Right. Jane Fonda with Ronald Reagan or something like, I actually don't know if that picture exists. That might be a bridge too far, but Jane Fonda is a chameleon, right? Like she has been friends with me. Jane Fonda's a wild outlier. Yes. In that respect. She is a figure who's always insistently politicized her star image even when she received massive, massive blowback in punishment for it.
And so I think that like what we've come to understand now, and I think this has become more acute post-Trumpism, is that like if you are friends with someone who voted for Trump or conversely, if you are friends with someone who voted for Biden, that you can't be friends with that person. Yeah. That is a betrayal of your politics. And not to another conversation to have, but that's part of why people are angry, I think.
Yeah, but there was definitely the question where it's like, have all friendships changed that way. And it's like kind of, like Taylor's just going to have it worse than we are. But like we are all scrutinized in this way, just the same. I remember when Sidney Swini was just on the upswing with fame, and like people realize that her family might be conservative. And like suddenly it was like, well wait, then what is Sidney Swini conservative?
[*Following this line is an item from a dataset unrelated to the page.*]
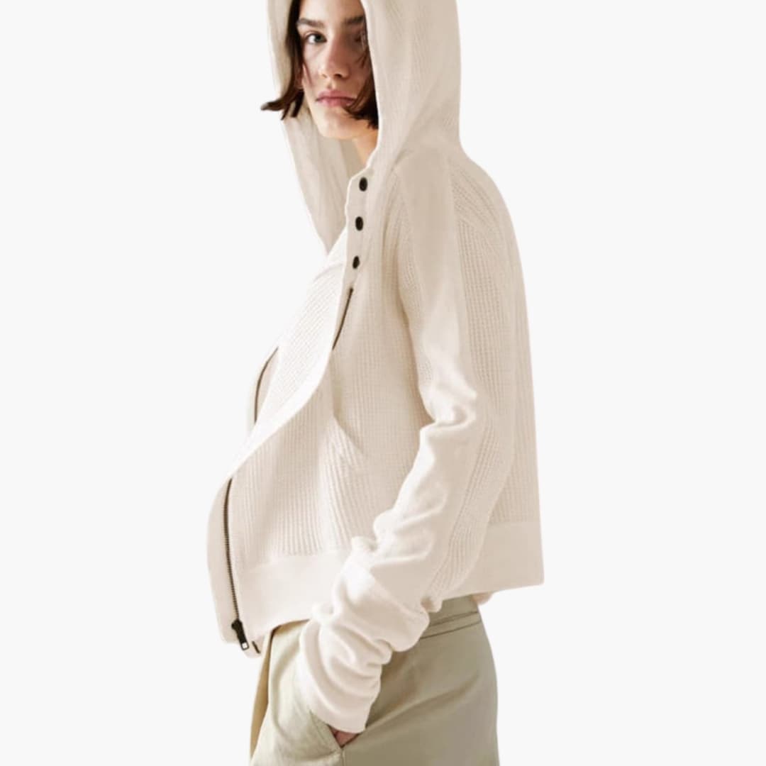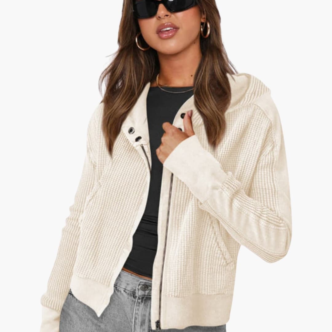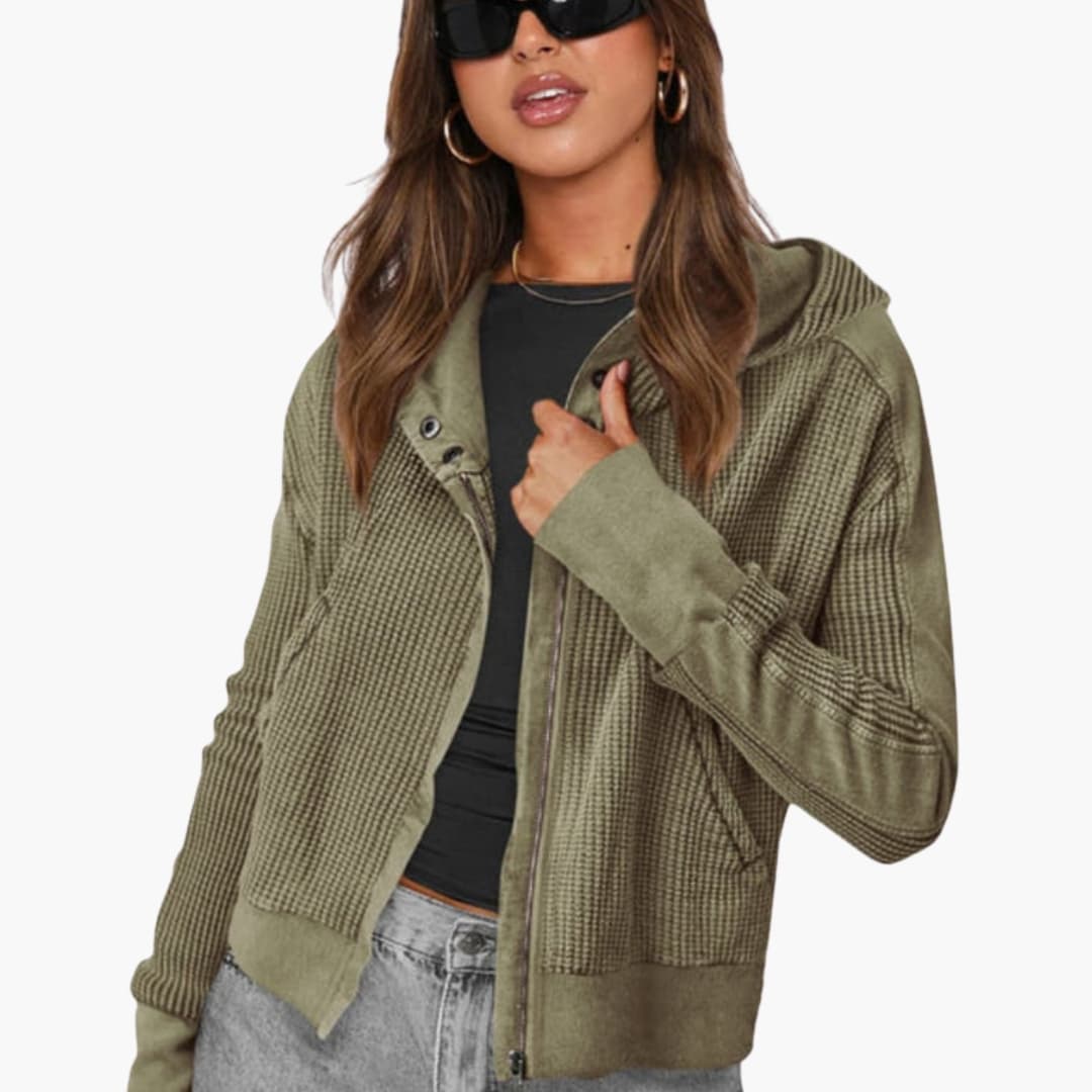 Damejakke med hætte, lynlås og tekstureret overflade

And now the conservatives are kind of like, well, yeah, she is. And she's also conventionally femininally hot. So like she's our girlie now. Listen, she grew up in Spokane, Washington, which is two hours from where I grew up, which is where the good mall was. And it would be so important. It is hard to grow up in that area. And not be concerned that any Trump voters in your family. Yes. 100%. And you are not responsible for your family's voting history.
Like, right, friends are different than family in this capacity. But yeah, I mean, this is a hard one. Well, I think it is also just so complicated. The thing I would always come back to with this is that like, especially the outset of Taylor Swiss relationship with MediHealy, like she has known him for 10 years, right? Like, they've been in each other's orbit and they've been friends for that long.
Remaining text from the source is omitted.